Berita Ciamis, Asajabar.com – Pemerintah Kabupaten Ciamis resmi membentuk Panitia Seleksi (Pansel) Calon Pimpinan Badan Amil Zakat Nasional (BAZNAS) Kabupaten Ciamis periode 2026–2031. Pembentukan pansel tersebut ditetapkan melalui Keputusan Bupati Ciamis Nomor 800.1/Kpts.541-Huk/Tahun 2025.
Sekretaris Tim Seleksi, Wahidin, S.Ag., M.Pd.I., menjelaskan bahwa pansel terdiri dari tiga orang yang berasal dari unsur Kementerian Agama, Pemerintah Daerah, dan tokoh masyarakat. Unsur Kementerian Agama diwakili olehnya berdasarkan penugasan langsung dari Kepala Kantor Kemenag Kabupaten Ciamis, mengingat dirinya membidangi zakat dan wakaf.
“Satu orang dari unsur Kemenag, satu dari Pemerintah Daerah yang ditunjuk langsung oleh Bupati, dan satu lagi dari tokoh masyarakat. Jadi total ada tiga orang panitia seleksi,” ujar Wahidin.
Ia menegaskan bahwa tugas panitia seleksi adalah mengawal, memfasilitasi, serta mengawasi seluruh tahapan proses pemilihan calon pimpinan BAZNAS Kabupaten Ciamis.
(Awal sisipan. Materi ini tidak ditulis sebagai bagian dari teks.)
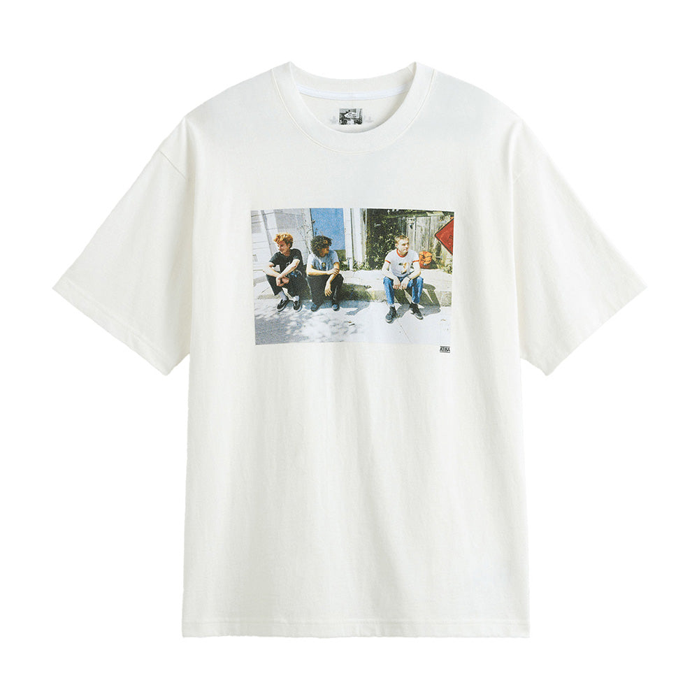 An everyday cotton tee gets Atiba's signature touch with a photo of Aidan Mackey, Rowan Zorilla, and Ben Kadow sitting curbside on the front, adding a nostalgic feel to an everyday staple. Custom Vans logo artwork from legendary graffiti artist Eric Haze tops off Atiba's nod to skateboarding. A classic crewneck, ribbed collar for structure, and 5-Checkerboard embroidery round out this uniquely wearable piece.

Selain itu, pansel juga memberikan arahan sesuai dengan ketentuan dan regulasi yang berlaku, dengan tetap menjunjung tinggi prinsip netralitas.
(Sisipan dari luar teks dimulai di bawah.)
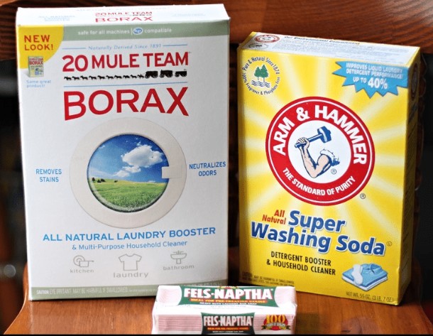 Mix 1 tsp borax + 1 tsp dish soap + 4 cups warm water.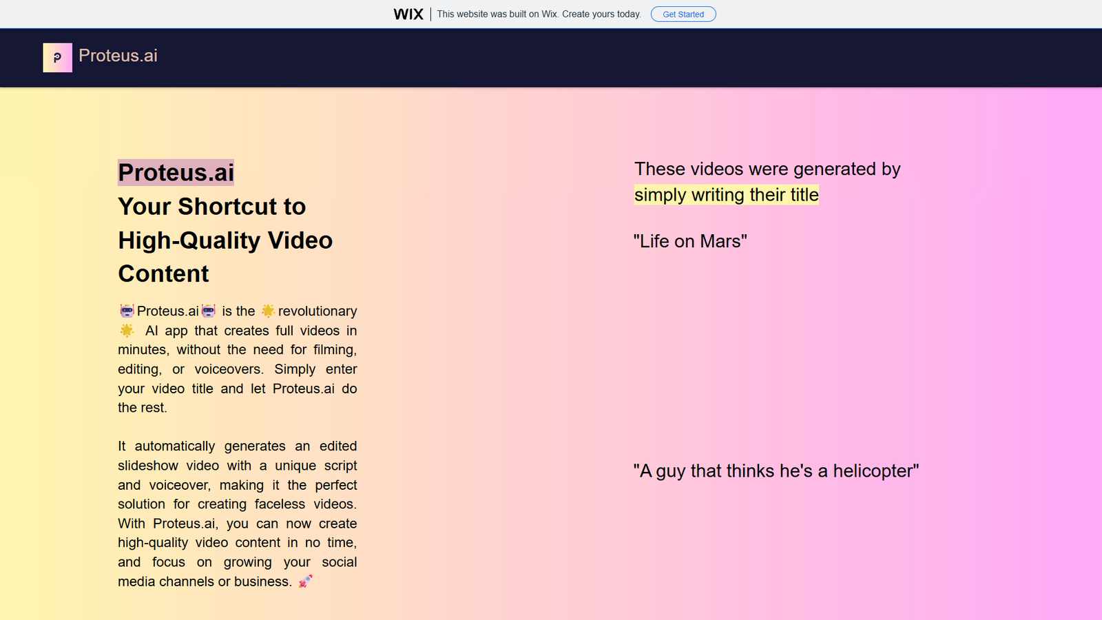 Proteus.ai — это ИИ-сервис, который превращает простой текстовый запрос в полноценное видео за считанные минуты. Вам не нужно ничего снимать, монтировать или записывать голос — достаточно ввести название или тему ролика, а остальное платформа сделает автоматически.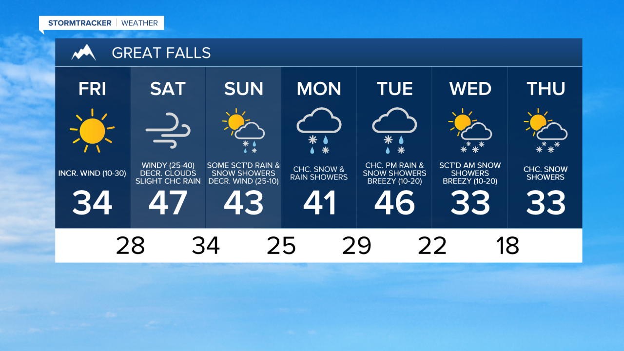 Strong winds are then expected from Friday night through Saturday night as sustained wind speeds are going to be between 20 and 40 mph, and wind gusts over 60 mph are going to be possible at times. Per usual, even stronger winds are expected along the Rocky Mountain Front. We are then going to have diminishing wind throughout the day on Sunday. It is also going to be warmer this weekend than it is going to be tomorrow as highs are going to be in the 40s in most locations.

Dalam pelaksanaan seleksi, Wahidin menyebutkan bahwa terdapat sejumlah regulasi yang menjadi acuan utama, di antaranya Peraturan Menteri Agama (PMA) Nomor 10 Tahun 2025 tentang Seleksi Calon Anggota BAZNAS Kabupaten/Kota serta Peraturan BAZNAS Nomor 1 Tahun 2019 tentang Tata Cara Pengangkatan dan Pemberhentian Pimpinan BAZNAS. Selain itu, seleksi juga berpedoman pada peraturan perundang-undangan lainnya.
“Dua aturan yang paling dominan digunakan adalah PMA dan Peraturan BAZNAS. Itu menjadi dasar utama kami dalam menjalankan tugas,” jelasnya.
Ia menambahkan, pendaftaran calon pimpinan BAZNAS rencananya akan dibuka mulai 15 Januari 2026 dan berlangsung selama 15 hari. Apabila dalam jangka waktu tersebut jumlah pendaftar belum memenuhi persyaratan, maka masa pendaftaran dapat diperpanjang.
Terkait evaluasi kinerja BAZNAS Ciamis, Wahidin menilai secara umum sudah berjalan dengan baik. Dari sisi regulasi dan kepatuhan, BAZNAS Ciamis dinilai telah memenuhi standar syariat, regulasi, serta komitmen kebangsaan. Meski demikian, ia mengakui masih terdapat sejumlah aspek yang perlu ditingkatkan, khususnya dalam optimalisasi penghimpunan zakat.
“Infak sudah cukup menyeluruh, tetapi zakat perlu lebih dimaksimalkan, terutama dengan menjangkau para muzakki yang sudah mencapai nisab. Ini perlu penguatan melalui silaturahmi dan pendekatan yang lebih luas,” katanya.
Wahidin juga mengungkapkan sejumlah tantangan yang mungkin dihadapi dalam proses seleksi, seperti adanya pendaftar yang masih berstatus aparatur sipil negara aktif, pendaftar yang belum memenuhi syarat, hingga potensi intervensi dari pihak tertentu. Namun demikian, ia optimistis seluruh tahapan seleksi dapat berjalan lancar.
“Sebelumnya kami baru melaksanakan rapat pendahuluan untuk membahas jadwal, agenda kegiatan, serta persiapan dari pendaftaran hingga pelantikan. Karena SK Bupati sudah terbit, maka secara resmi kami mulai bekerja,” pungkasnya.